VLLM_DISABLE_COMPILE_CACHE=1 vllm serve mistralai/Voxtral-Mini-4B-Realtime-2602 --compilation_config '{"cudagraph_mode": "PIECEWISE"}'

Optional flags:

Adjust --max-num-batched-tokens to trade throughput for latency
Reduce --max-model-length if transcribing shorter sessions to save RoPE memory

After startup, the realtime endpoint appears at /v1/realtime.

Usage Examples

vLLM provides ready examples for:

Streaming audio files
Gradio-based live microphone transcription

Try the live demo: https://huggingface.co/spaces/mistralai/Voxtral-Mini-Realtime

WebSocket streaming ensures continuous low-latency audio processing.

License

Voxtral Mini 4B Realtime 2602 is released under the Apache 2.0 License. Usage must not infringe any third-party rights, including intellectual property.

Frequently Asked Questions (FAQ)

Which languages does Voxtral Mini 4B Realtime 2602 support?
It supports 13 languages: Arabic, German, English, Spanish, French, Hindi, Italian, Dutch, Portuguese, Chinese, Japanese, Korean, and Russian. Performance is strong in Romance languages, with Spanish achieving 3.31% WER at 480ms.

How do I balance latency and accuracy?
Use the recommended 480ms delay (average WER 8.72%). Shorter 240ms increases WER to 10.80%, while 2.4s reduces it to 6.73%. Modify "transcription_delay_ms" in params.json.

What hardware is required?
A single GPU with ≥16GB VRAM delivers real-time performance exceeding 12.5 tokens/second. Default max-model-len of 131072 supports approximately 3 hours of audio.

How should I handle long audio recordings?
Calculate tokens needed using 1 token ≈ 80ms. Set --max-model-len accordingly. The default handles ~3-hour sessions reliably.

Why set temperature to 0.0?
It ensures consistent, deterministic transcription results without randomness.

How does the realtime endpoint work?
vLLM’s Realtime API uses WebSockets to handle continuous audio streaming for production-grade sessions.

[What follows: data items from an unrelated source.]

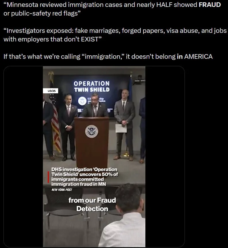 ) recirculated Edlow's press conference clips, often adding commentary like "nearly half of all Somali immigrants in Minnesota found to have committed immigration fraud" or listing types like marriage fraud, tax/loan fraud, money laundering (though official USCIS releases stuck to immigration-specific issues).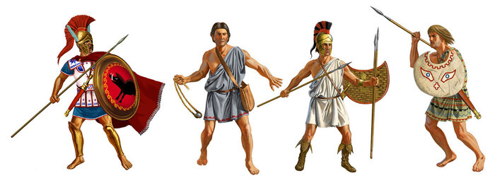 По многим причинам. Прежде всего, как вы помните, спартанская армия была «обществом равных». То есть все спартанцы были тяжеловооружёнными гоплитами – а лёгкой пехоты и конницы у Спарты было очень мало, и вся она состояла из союзных племён (не спартанцев).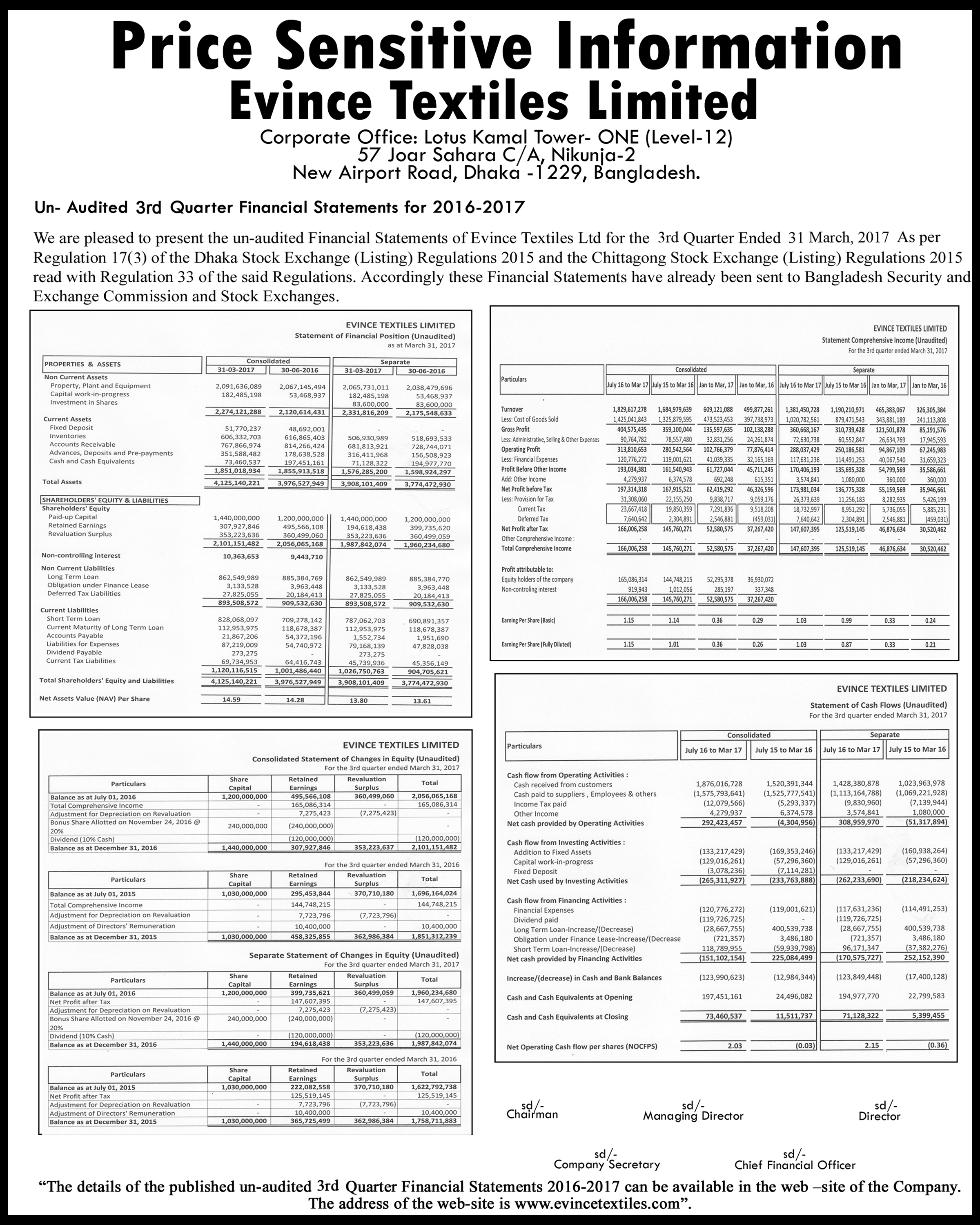 Q2 Un-audited Financial Statements of Evince Textiles Ltd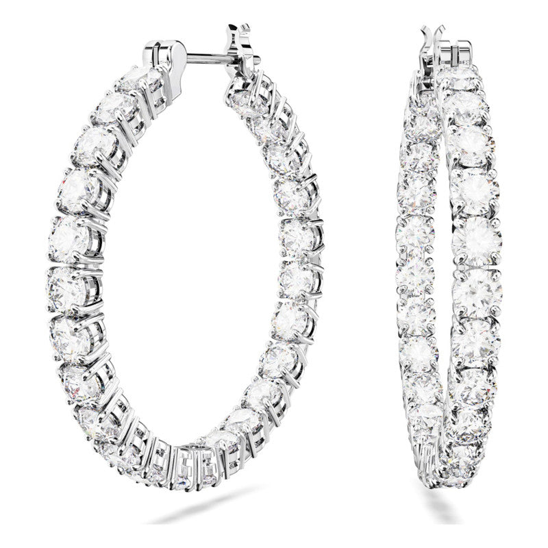 These perfectly formed Matrix hoop earrings are defined by the timeless look of clear round stones and Rhodium-plated metal. Reach for these hoops to deliver perfect circles of radiance to any outfit.

How does real-time performance compare to offline models?
At 480ms, the FLEURS average gap is 2.82% (8.72% vs 5.90%). In many English tests, the difference is under 1%, making it viable for interactive applications.

Does it support speaker diarization?
The current real-time version focuses on transcription. Batch models in the Voxtral family provide speaker labels and word-level timestamps.

What deployment best practices should I follow?
Always use WebSockets for streaming, install nightly vLLM for compatibility, and consider Docker for platform consistency.

This guide covers the essential details to get you started with Voxtral Mini 4B Realtime 2602 for production real-time transcription.